A partir d'une correspondance, on peut aborder toutes les autres activités d'apprentissage nécessaires à une classe d'âge donnée :
- apprendre à lire les lettres, les informations dans les documents qu'on reçoit, dans les documents qu'on utilise, à travers les tris de ces inormations ;
- apprendre à écrire ;
- faire des mathématiques (par exemple : faire des repérages, utiliser des quadrillages, travailler sur les décalages horaires, les kilométrages et les grands nombres, les monnaies et les échanges, les relations...)
- faire de l'histoire : on apprend à se repérer dans le passé récent ou plus lointain pour situer des époques, des personnages remarquables ; on utilise le calendrier pour planifier les envois ;
- faire de la géographie : le climat, la situation géographique dans le monde, le relief, la faune et la végétation en France et dans le pays des correspondants ;
- faire des sciences : pour exemple, nous avons mené des recherches pour savoir ce qu'est une céréale (consommation du riz en Inde), pourquoi la mer Baltique qui gèle donne en surface des glaçons qui ne sont pas salés (au cours d'un voyage chez nos correspondants soviétiques, les élèves ont pu marcher sur la mer gelée), les oeufs des poissons (boîte de caviar)...;
- se cultiver en musique : traditions musicales du pays des correspondants, danse (ex. Katakali en Inde) ;
- en arts plastiques : ayant la chance d'être à Paris, de nombreuses institutions présentent les facettes de ces pays, ce qui nous permet de rester en contact avec la civilisation de nos correspondants (le musée Kwok-On et les fêtes en Asie, le musée Guimet où l'on peut tout savoir sur la vie de Bouddha, le théâtre de l'Alliance française...).

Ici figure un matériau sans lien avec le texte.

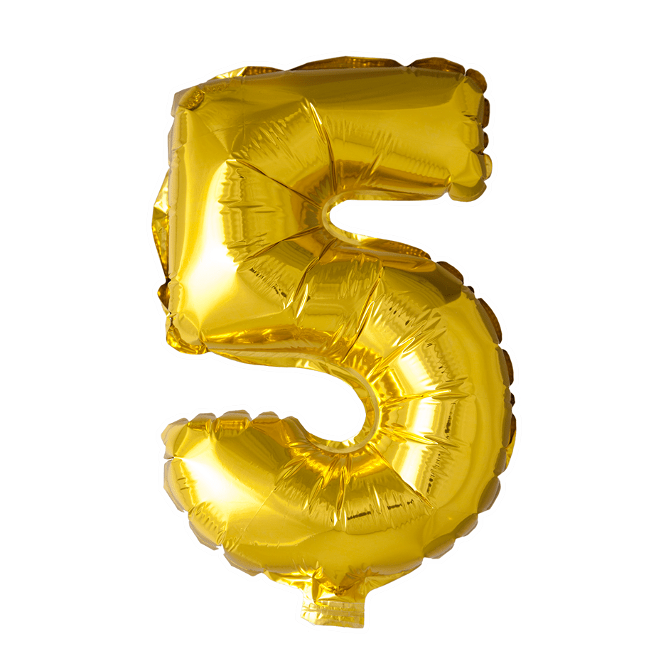 Folieballong Figur 5 Guld 41cm med sugrör

Le journal de la classe s'enrichit de toutes ces informations et nous classons ce que nous envoyons et recevons.
Tout ce travail s'élabore grâce au plan de travail où l'activité de chacun est individualisée et programmée avec un contrat minimal pour tous.
Les raisons du voyage et ses objectifs
Depuis deux années, ma classe entretient une correspondance régulière avec la classe de Tatiana MOUR, école n° 17, rue Maòakovski à Léningrad - U.R.S.S.

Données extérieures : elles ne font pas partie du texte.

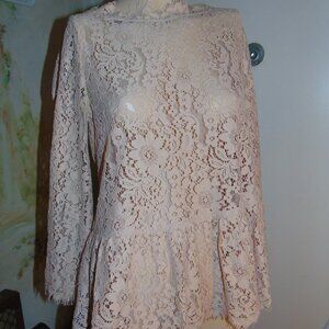 Joie Floral Lace Blouse Top Womens Small Boho Textured Back Button Long Sleeve

Grâce à ces échanges, le contact s'est établi avec le monde extérieur ; nous découvrons la vie de nos correspondants soviétiques. Comme nous, les élèves soviétiques apprennent le français et leurs premières expériences sont bien souvent semblables aux nôtres.
Se déplacer dans un pays lointain, inconnu, nous demande un travail préparatoire sur la connaissance de ce pays. Depuis deux années, nos correspondants nous racontent, à travers leurs envois, leur ville, leur école, leurs vacances, leurs loisirs, leur vie...
La découverte de l'autre et d'un autre ailleurs où on ne vit pas tout à fait de la même façon, développe la notion du droit à la différence.
Nous voulons vivre pendant une semaine, la vie de nos correspondants. Tout d'abord leur vie d'écolier, tous les matins nous nous rendons à l'école. Avec nos amis nous allons suivre les cours de musique, de dessin, de français, et un cours d'initiation au russe.
Ensemble l'après-midi, nous parcourons la ville de Leningrad et découvrons ses monuments les plus célèbres, (cf. le programme préparé par l'agence soviétique Intourist. Nous verrons leur quartier et leur maison, nous irons dormir chez eux et partagerons leur repas.
Concernant la langue étrangère, quelle fonction a t-elle eu dans la correspondance ? Elle apparaît très peu, puisque les échanges se sont toujours faits en français. Elle est objet de curiosité, elle n'entre pas dans le bilinguisme indispensable à tout individu européen, mais les élèves connaissent toujours quelques mots de la langue de leurs correspondants (d'usage courant..., de gros mots...). Ailleurs on ne parle pas de la même façon, on n'a pas tout à fait les mêmes idées, les mêmes rituels, la même Histoire. La langue des correspondants, et d'autres usages (manger, mourir...) sont des "objets" à regarder, pour le droit à la différence, pour connaître leurs idées.